Background

The prevalence and involvement of cardiac autoantibodies (aAB) in dilated cardiomyopathy (DCM) still remains unclear. Immunization of mice using immunogenic peptide sequences from cardiac proteins induces experimental autoimmune myocarditis (EAM) with consecutive DCM phenotype. This study aimed to investigate the prevalence of immunogenic epitopes from cardiac aABs in DCM patients.

Methods

In this retrospective single center study, we enrolled 83 DCM patients endomyocardial biopsy confirmed who presented between May 2010 and July 2013 at university hospital of Heidelberg. A subgroup of healthy volunteer’s served as control. Clinical characteristics from DCM patients were accessed retrospectively. The study was performed in confirmation with the principles of Declaration of Helsinki (2008) and approved by local ethics committee. Peptide-array analysis was performed for IgG antibodies against preselected peptides from sera of DCM patients. Proteins and peptide sequences were chosen after comprehensive review of the literature for proteins inducing EAM, cardiomyopathies, myocardial inflammation or myocardial fibrosis in animal models or human. Proteins were fragmented into peptides to identify immunogenic epitopes within the respective protein. Array analysis was performed using PEPperPRINT peptide-array by PEPperPRINT Heidelberg GmbH. For analysis, the 95^th percentile of the array intensity from healthy individuals was calculated and subtracted from the intensity of each peptide from DCM patients.

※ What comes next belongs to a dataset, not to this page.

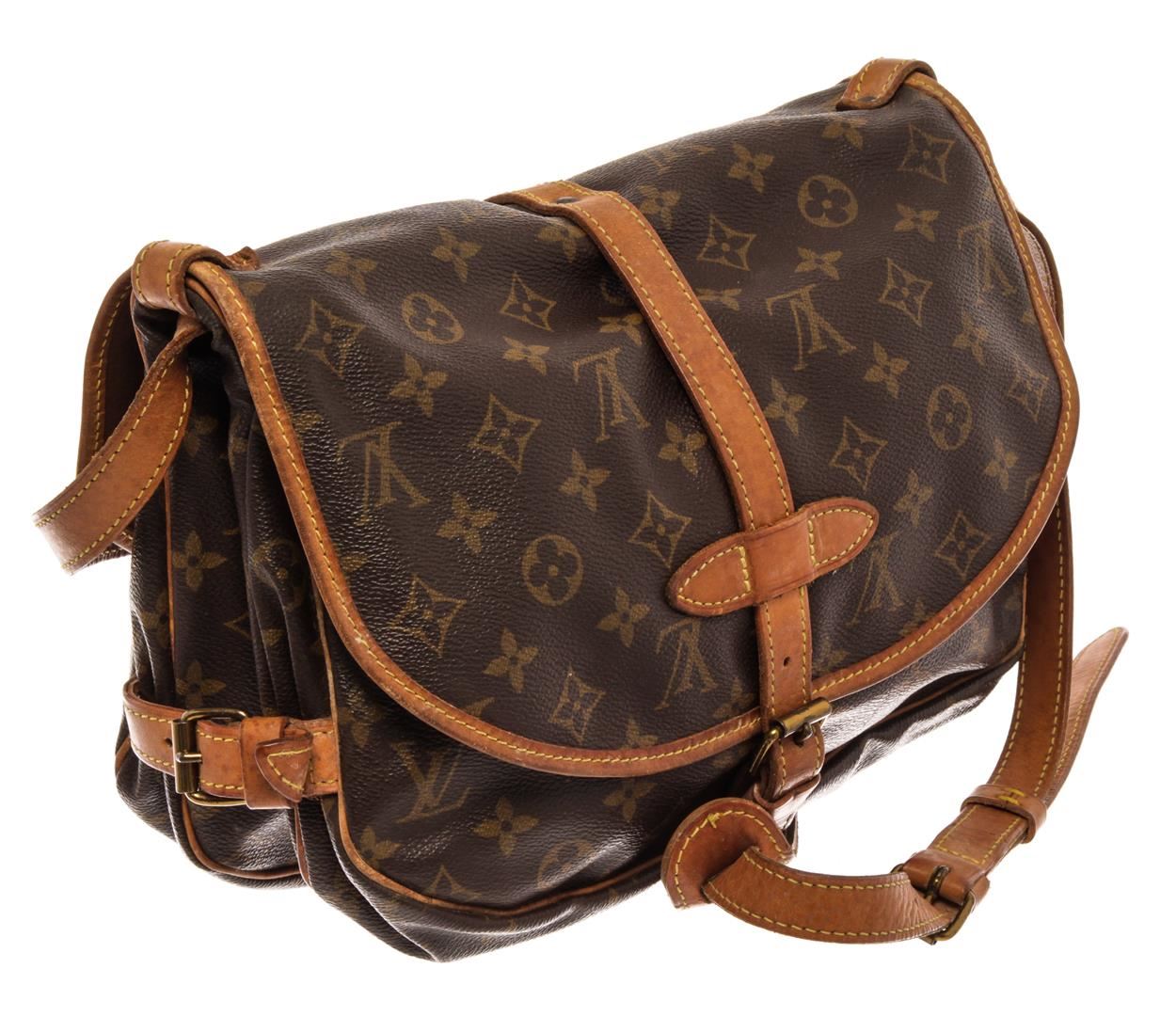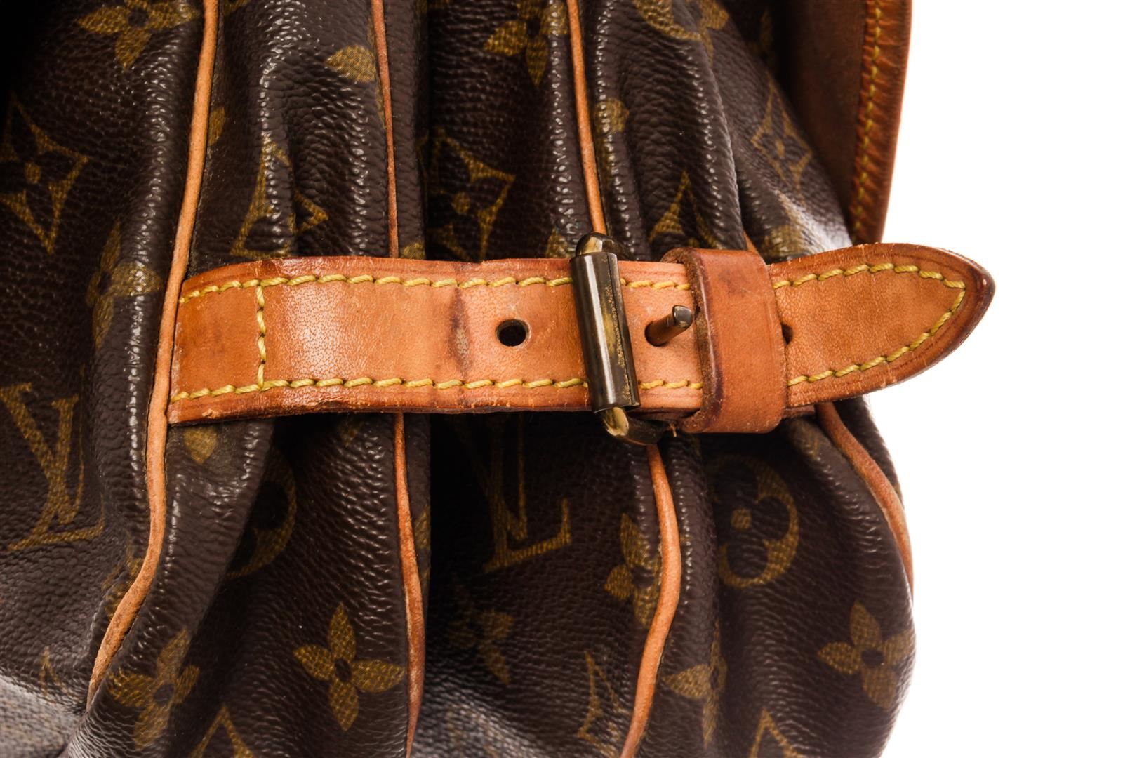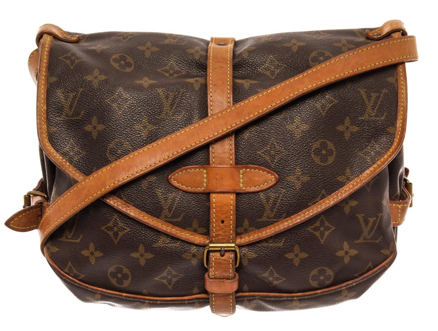 Louis Vuitton Brown Monogram Canvas Saumur 30cm Shoulder Bag. All available information is listed in the description and shown in the photos. Louis Vuitton Brown Monogram Canvas Saumur 30cm Shoulder Bag with brown coated canvas, brass hardware, leather trim, single adjustable shoulder strap, leather trim embellishment, canvas lining & three interior pockets, flap & buckle closures at front. Height: 10" Width: 12" Depth: 9.25", Shoulder Strap Drop: 19.5" / 25.4 x 30.48 x 23.49 Cm
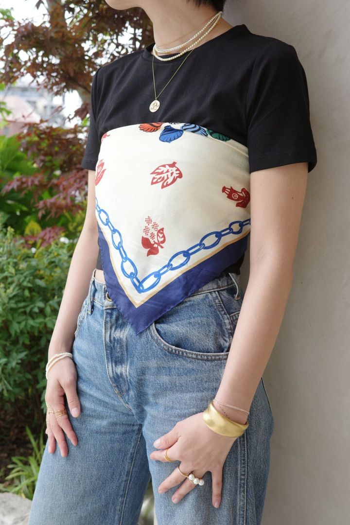 3. 【40代スナップ】Tシャツに 「ヴィンテージスカーフ」をビスチェ使い!

Positive epitopes exhibiting a positive aAB intensity in at least >12% were selected for analysis. Continuous variables are presented as medians with interquartile range. Statistical analysis was performed using MedCalc 11.1 (MedCalc Software bvba, Ostend Belgium). For generation of figures GraphPad 7 (GraphPad Software La Jolla, California) was used.  

Results

In a total of 130 screened peptide sequences, we identified 10 immunogenic epitopes. Here, aABs against peptide sequences of beta-2-adrenergic receptor (EAINCYANETCCDFFTNQAY) could be detected in 12%, beta-1-adrenergic receptor (β1AR: LMHWWRAESDEARRCYNDP) in 17%, and a total of 8 immunogenic epitopes from cardiac myosin (α-CM) were identified. Immunogenic epitopes of α-CM include aABs against peptide sequence of KRKLEDECSELKRDID in 25%, KLELQSALEEAEASLEH in 19%, KIQLEAKVKEMNERLE in 13%, IMDLENDKQQLDERLK, DQMNEHRSKAEETQRSVND and LQSALEEAEASLEHEEGKI in 13% and aABs against peptide sequences of RVLSKANSEVAQWRTKYE and RQAEEAEEQANTNLSKFR in 12% of DCM patients. For aAB positive patients in β1-AR and α-CM (KRKLEDECSELKRDID) a significant difference in hsTnT serum level and left ventricular ejection fraction (LVEF) after a follow up of 12 [8-22] months could be detected (β1-AR: hsTnT: 11 [9-31] vs. 8 [5-14], p=0.0384, LVEF: 28 [20-40] vs. 40 [30-47], p=0.0304). (α-CM: hsTnT: 10 [9-24] vs. 8 [5-14], p=0.0272, LVEF: 28 [20-41] vs. 40 [30-48], p=0.0095).

Conclusions

In this study we were able to characterize immunogenic epitopes of cardiac aABs in DCM patients. This study offers insights for potential screening mechanisms in order to identify DCM patients at risk.

Sources of Funding

This study was founded by the German Research Foundation (DFG) und the Else-Fresenius Stiftung.